For now, the U.S. continues to assume -- or hope -- that investors will keep buying the bonds that finance its habitual deficit spending. That assumption may be overly optimistic.

In a recent discussion on the global role of the US dollar, Zhu Min, deputy governor of the People’s Bank of China, told an academic audience that, “The world does not have so much money to buy more US Treasuries.” He went on to say, “The United States cannot force foreign governments to increase their holdings of Treasuries… Double the holdings?
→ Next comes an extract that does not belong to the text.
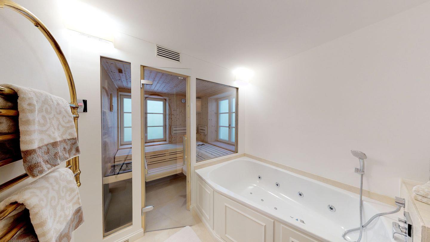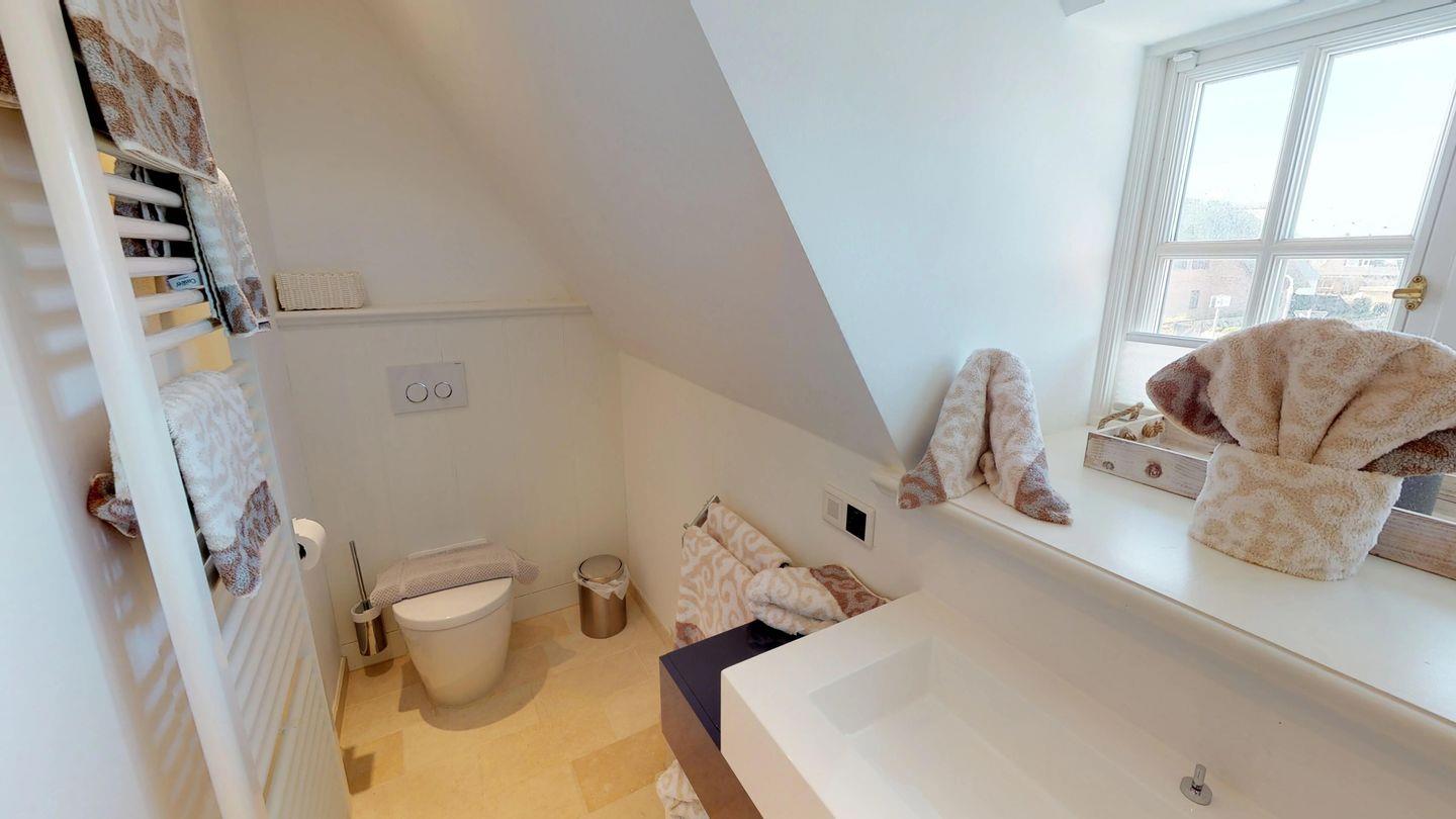 Duschbad. Im Untergeschoss finden Sie einen weiteren Schlafraum mit Doppelbett und ein Bad mit Dusche und WC. Hier steht Ihnen auch eine Sauna und eine großzügige Whirlpool-Wanne für die Erholung nach einem Strandbesuch oder an kalten Tagen zur Verfügung. Die Waschmaschine mit integriertem Trockner ist im Untergeschoss untergebracht.
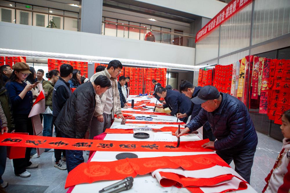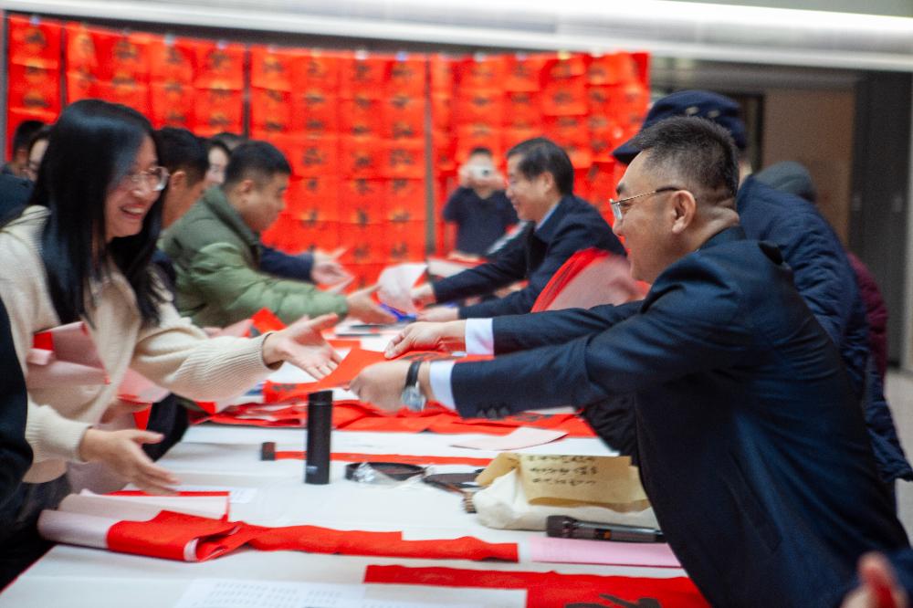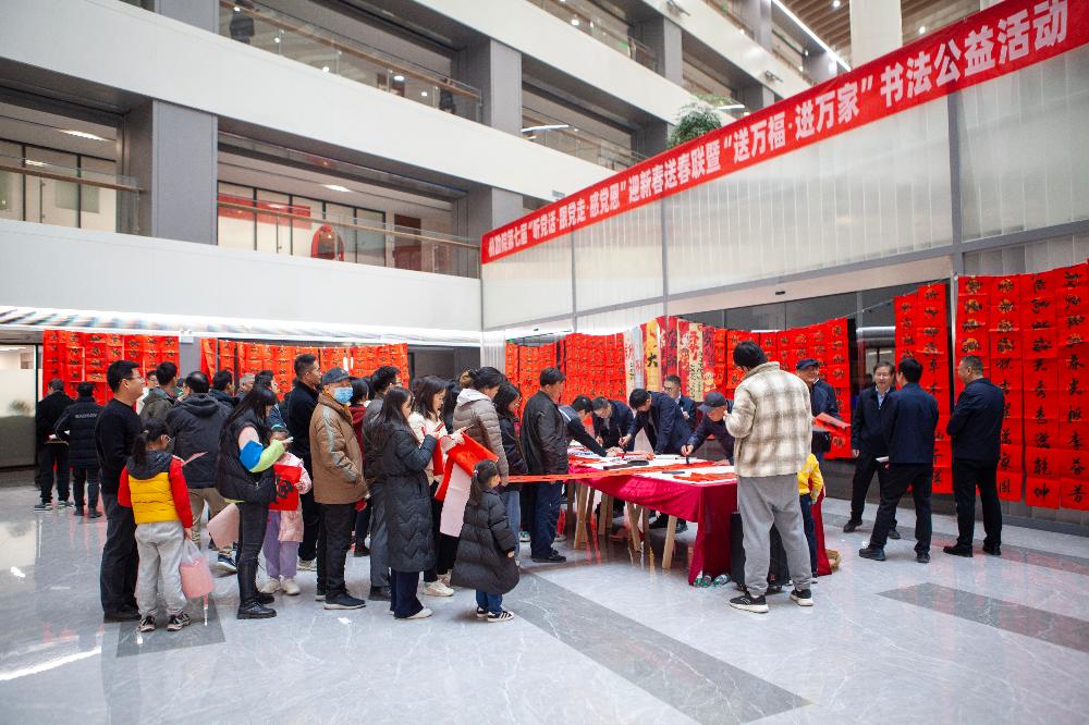 现场气氛浓厚、热闹非凡,红色春联悉心铺开,墨香四溢。书法爱好者们热情高涨,在挥毫泼墨间,将新年的诚挚祝福诉诸笔端,一个个饱含神韵的“福”字、一副副满载新春祝福的春联精彩呈现。职工们接过一句句吉祥如意的新年贺语,既感受了中华传统文化的魅力,又增添了对新年美好生活的憧憬和向往。活动营造了祥和温馨的年节氛围。

It is definitely impossible.” 

With interest rates near zero, a national debt exceeding $12 trillion (a sum that is expected to swell over the next decade), and a dangerously loose monetary policy, why would foreign governments, or citizens, maintain their faith in the U.S. and continue loaning it such massive sums of money? 

What's more, the dollar has been in steady decline for years, causing it to lose value in relationship to foreign currencies. This has effectively increased the price of imports and resulted in Americans buying fewer foreign goods. That means there are fewer dollars available for foreigners to purchase future Treasury securities.

However, the weak dollar has tempted foreign investors, and even central banks, to pour their money into the stock market, excessively inflating its value. It is presently trading at 20 times earnings.

Though the dollar increased by 40 percent between 1995 and 2002, it then began a descent in 2003. That ultimately resulted in a 21 percent decline over the last decade, measured against a basket of six other currencies. Only a perceived flight to safety during the 2008 credit crisis kept the dollar's performance from being even worse.

But the dollar's decline in the last decade was only part of a much longer trend. Over the 25-year period since 1985, the dollar has lost more than half of its value. 

That has not gone unnoticed. According to the IMF, around 40% of global reserves are now in dollars compared to 55% a decade ago. The difference has been lost to a range of currencies such as the euro, the yen, and particularly the Swiss franc.

Meanwhile, China has been adding to its gold holdings as an alternative to the dollar, which has clearly been losing favor. 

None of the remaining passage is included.